I submitted a written version of this talk to Clin Chem and Lab Medicine, with recommended reviewers being Milan authors with whom I disagreed. (The journal asks authors to recommend reviewers). Now I don’t know who the reviewers were, but suffice it to say that they didn’t like my paper at all. So after several revisions, I scaled back my paper to its current version, which is here (subscription required).

Whining rewarded?

August 29, 2014


Looking at the table of contents of Clinical Chemistry for September, there is a list of the most downloaded point / counterpoint articles and I am number one on this list for my discussion of GUM (The guide to the expression of uncertainty in measurement):

Why GUM will never be enough

April 7, 2014


I occasionally come across articles that describe a method evaluation using GUM (Guide to the expression of Uncertainty in Measurement). These papers can be quite impressive with respect to the modeling that occurs. However, there is often a statement that relates the results to clinical acceptability. Here’s why there is a problem.

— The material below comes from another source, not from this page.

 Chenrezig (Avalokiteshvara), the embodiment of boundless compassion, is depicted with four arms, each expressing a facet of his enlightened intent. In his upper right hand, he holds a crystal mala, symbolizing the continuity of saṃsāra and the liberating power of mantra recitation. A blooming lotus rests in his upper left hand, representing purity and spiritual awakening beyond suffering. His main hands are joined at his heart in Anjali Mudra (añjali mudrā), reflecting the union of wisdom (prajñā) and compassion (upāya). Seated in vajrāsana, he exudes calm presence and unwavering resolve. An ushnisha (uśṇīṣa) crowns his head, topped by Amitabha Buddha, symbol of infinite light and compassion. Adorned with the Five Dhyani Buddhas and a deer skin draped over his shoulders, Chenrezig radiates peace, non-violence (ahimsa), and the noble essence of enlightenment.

Clinically acceptability is usually not defined but often implied to be a method’s performance that will not cause patient harm due to assay error.

A GUM analysis usually specifies the location for 95% of the results. But if the analysis shows that the assay just meets limits, then 5% of the results will cause patient harm. Now according to GUM models, the 5% will be close to limits because the data are assumed to be Gaussian so this is a minor problem.

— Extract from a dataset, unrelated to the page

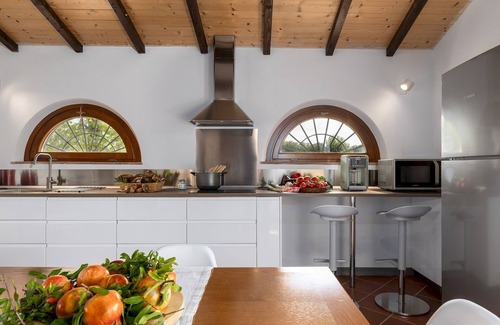 The farmhouse spans two floors. GROUND FLOOR - Main entrance located under the portico leading to a living area with sofas; large kitchen; tv room and dining area connecting to a multi-purpose space; guest bathroom. Adjacent to the external portico is a guest bathroom with washing machine. FIRST FLOOR - Two double bedrooms, one twin bedroom and two bathrooms with shower. Also on the first floor with access via a wooden spiral staircase, there is the suite with double bedroom and en-suite bathroom with shower. Air conditioning in the bedrooms and living room.

A bigger problem is that GUM analysis often ignores rare but large errors such as a rare interference or something more insidious such a user error that results in a large assay error. (Often GUM analyses don’t assess user error at all). These large errors, while rare, are associated with major harm or death.

The remedy is to conduct a FMEA or fault tree in addition to GUM to try to brainstorm how large errors could occur and whether mitigations are in place to reduce their likelihood. Unless risk analysis is added to GUM, talking about clinical acceptability is misleading.

AACC 2012

July 19, 2012

I went early to AACC 2012 on a consulting assignment which ended two days before AACC. So the highlight of my trip was a helicopter tour of LA in an R22, a tour of Warner Bros. studios, and a walk on the Santa Monica pier.

At the meeting, I got to hear two plenary lectures, both on genomics. They were very interesting talks (Eric Green and Robert Roberts) and it was humbling to realize how little I know about genomics.

I also attended the Evaluations Protocol Area Committee, although I think it is now called a consensus committee. There were two projects that I had started EP27 (error grids) and the revision to EP21A2 (total error) – I proposed and completed EP21A. As of January, I had been unexpectedly and rather unceremoniously kicked off both projects. There was little discussion about EP27 – it should be available around September 2012 and little changed. It will be interesting to see who the authors will be.

There was more discussion about EP21, including a proposal to drop it completely in favor of a GUM uncertainty analysis, which is a CLSI document (C51). This is about when I had enough and bolted from the meeting. Yet, I did have the comfort in knowing that the financial way projects are valued is something I put in place a while back and probably unknown to this current group. 

I went to a talk about medical error. One thing that is always missing from these talks is a measure of overall patient harm – maybe the subject of a future blog entry.

I also talked with a very nice Spanish lady about her poster. She assayed a sample on each of two analyzers of the same type and compared the results to various total error goals including biological variation, CLIA, and others. The results were often outside of goals, especially biological variation goals which makes one wonder if such goals are meaningful.